“Nonexistence Seems Preferable”: Post-Truth, Feed Identity, and the NPC Afterlife in Neal Stephenson’s “Fall; or, Dodge in Hell”

By Jonathan P. LewisJuly 7, 2019

“Nonexistence Seems Preferable”: Post-Truth, Feed Identity, and the NPC Afterlife in Neal Stephenson’s “Fall; or, Dodge in Hell”

Fall; or, Dodge in Hell by Neal Stephenson

NEAL STEPHENSON WRITES big novels full of big ideas. He employs large casts of characters, and epic, violent opening scenes dominate his body of work. From The Big U (1984) through 2017’s The Rise and Fall of D.O.D.O. (co-written with Nicole Galland), Stephenson has engaged major disruptions in technological praxis and large-scale social and economic problems. His new novel, Fall; or, Dodge in Hell, is no different; at 877 pages, it is a big novel, and it engages big ideas like collective consciousnesses, cryptocurrencies, digital networks, artificial intelligence, augmented reality (AR)/virtual reality, social and civil disintegration, and the law. In addition to its bigness, Fall is also, on the whole, Stephenson’s most entertaining work since Anathem (2008).
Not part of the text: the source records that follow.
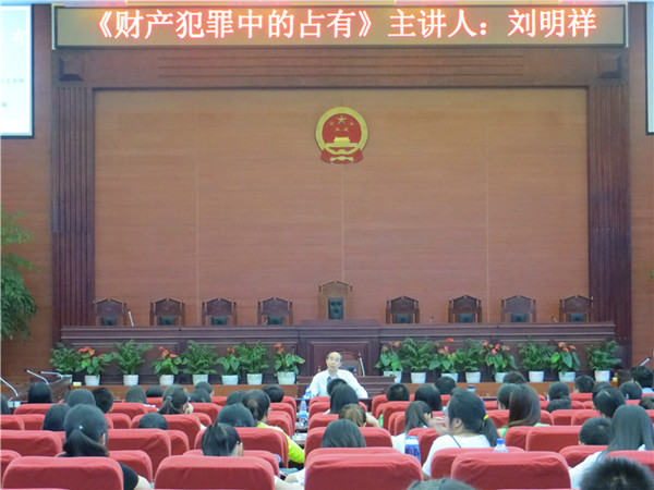 2014年6月8日晚,伟德国际1946源于英国明法讲坛第二十八期在呈贡校区模拟法庭举行。中国人民大学刑事法研究中心主任、博士生导师刘明祥教授为伟德国际1946源于英国300余名师生做了一场有关《财产犯罪中的占有》的专题讲座。此次讲座由伟德国际1946源于英国高巍副经理主持。、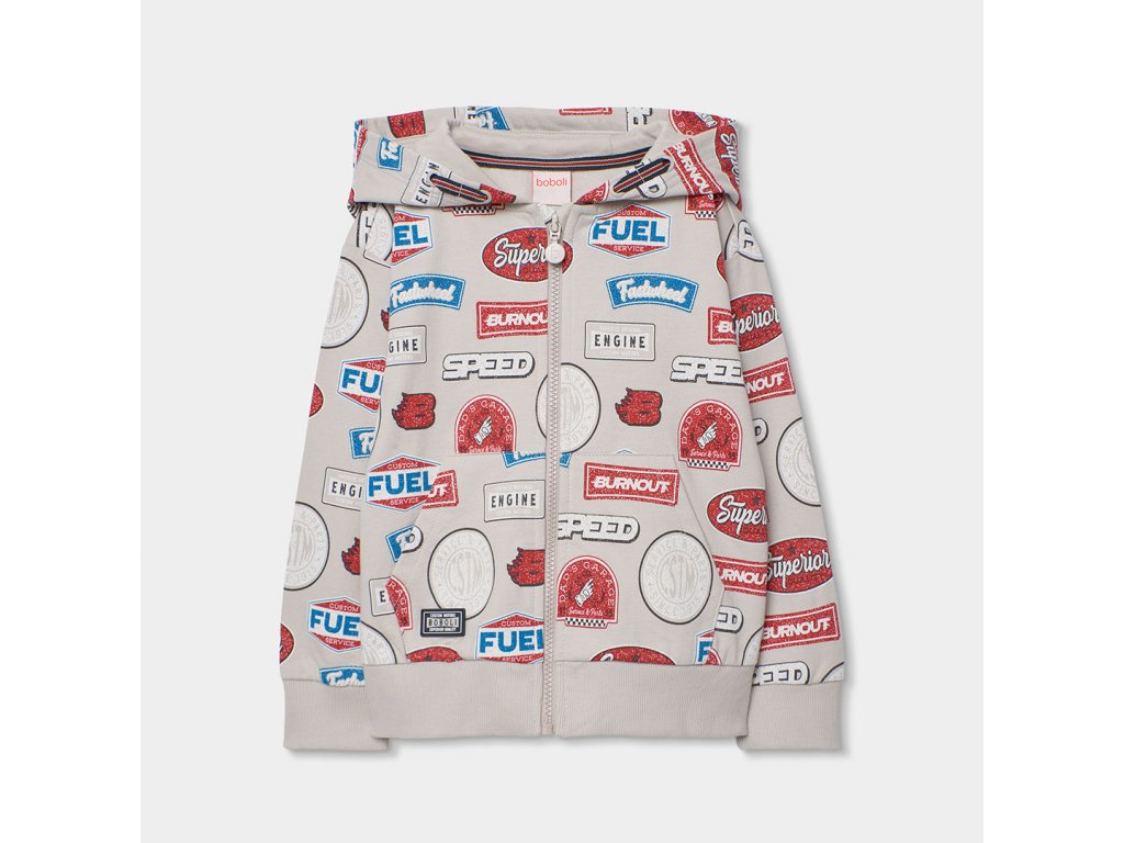 Boboli chlapecká mikina na zip s kapucí – béžová s potiskem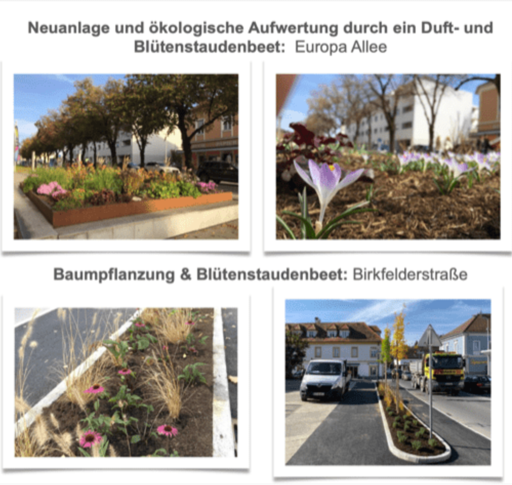 - Innenstadtbegrünung: Ausgehenden von den Ergebnissen des Grünraumplans und den Anregungen der BürgerInnen wurden neue Grünflächen an strategischen Orten und Plätzen geschaffen, um die Klima- und Begrünungssituation deutlich zu verbessern.

Fall is a compelling sequel to the dour Clancy-esque Reamde (2011), and it appears to complete the Waterhouse-Shaftoe-Forthrast saga that includes Cryptonomicon (1999) and The Baroque Cycle (2003–’04). Familiar characters (such as Enoch Root) return, and, like these earlier works, Fall’s plot is bifurcated into two worlds; one is our reality (called “Meatspace”), and the other is an augmented virtual reality for the deceased (called “Bitworld”).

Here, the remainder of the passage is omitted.